そこで今回は、黒ショウガの褐色脂肪組織へ及ぼす影響についてさらなる解明を進めるため、細胞試験および動物実験にて検証を行った。

「PPARγ発現亢進(こうしん)作用」

「UCP-1発現亢進作用」

細胞試験では、雄性マウスから「前駆褐色脂肪組織」(※1)を単離し、分化誘導(※2)をかけた2日後および4日後に、黒ショウガ溶液(黒ショウガ群)または溶媒のみ(対照群)を添加した。そして分化誘導6日後に、PPARγ(※3)およびUCP-1(※4)の遺伝子発現量を測定した。

その結果、黒ショウガ群では対照群と比較してPPARγおよびUCP-1の発現量が有意に増加したことがわかった。

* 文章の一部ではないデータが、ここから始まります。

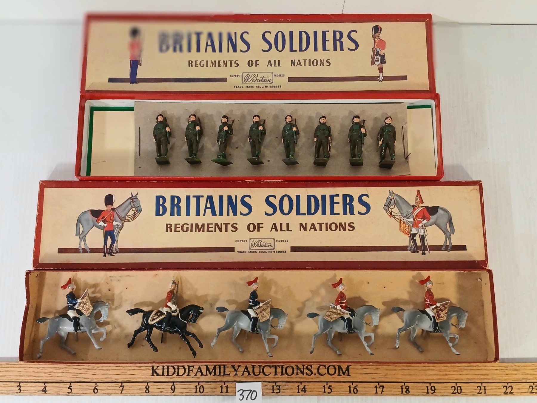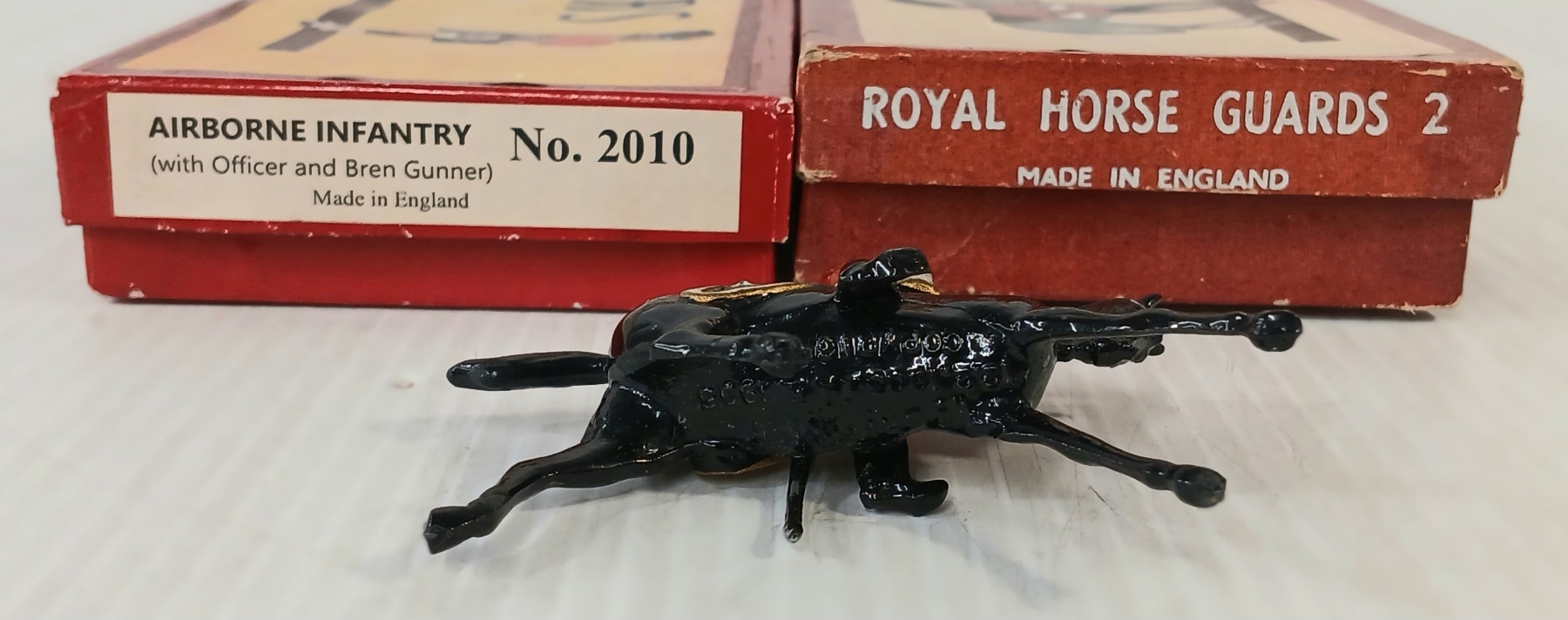 LOT OF 2 - BRITAINS SOLDIERS LEAD FIGURES - NO. 2 ROYAL HORSE GUARDS & 2010 AIRBORNE INFANTRY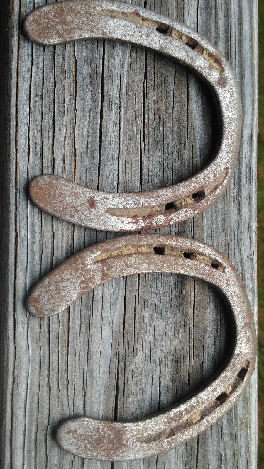 Title (ebay affiliate link): 2 Lot Antique Vintage Real Horse Shoes Primitive Farm Horseshoe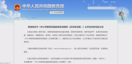 教育部官网11月22日发布《中小学教师实施教育惩戒规则(征求意见稿)》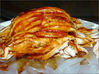 3、用红油辣椒、酱油、白糖、芝麻酱、味精、花椒面、芝麻油,调成味汁,淋在鸡丝上即成。

「脂肪組織の褐色脂肪化」(丸内の薄い黄緑色部分が褐色脂肪)

動物実験では、2型糖尿病モデルマウス(※5)に黒ショウガエキス混合飼料(黒ショウガ群)または黒ショウガエキスを含まない通常飼料(対照群)を7週間摂取させ、X線CT装置により肩甲骨間の脂肪組織画像を撮影した。

その結果、黒ショウガ群では対照群と比較して肩甲骨間における脂肪組織の褐色脂肪化を確認した。

これらの結果から、黒ショウガを摂取することで褐色脂肪組織を増加させる可能性が示唆された。

※1 前駆褐色脂肪組織:成熟した褐色脂肪組織になる前の未熟な褐色脂肪組織。

※2 分化:機能を持たない組織が特異的な機能を獲得すること。

※3 PPARγ:前駆褐色脂肪組織から褐色脂肪組織に分化させるのに重要な役割を果たす遺伝子。

※4 UCP-1:褐色脂肪組織に存在する遺伝子。ここでは、褐色脂肪組織が熱産生機能を持つことを意味する。

※5 2型糖尿病モデルマウス:肥満と糖尿病を自然発症するマウスで、肥満の研究に用いられる。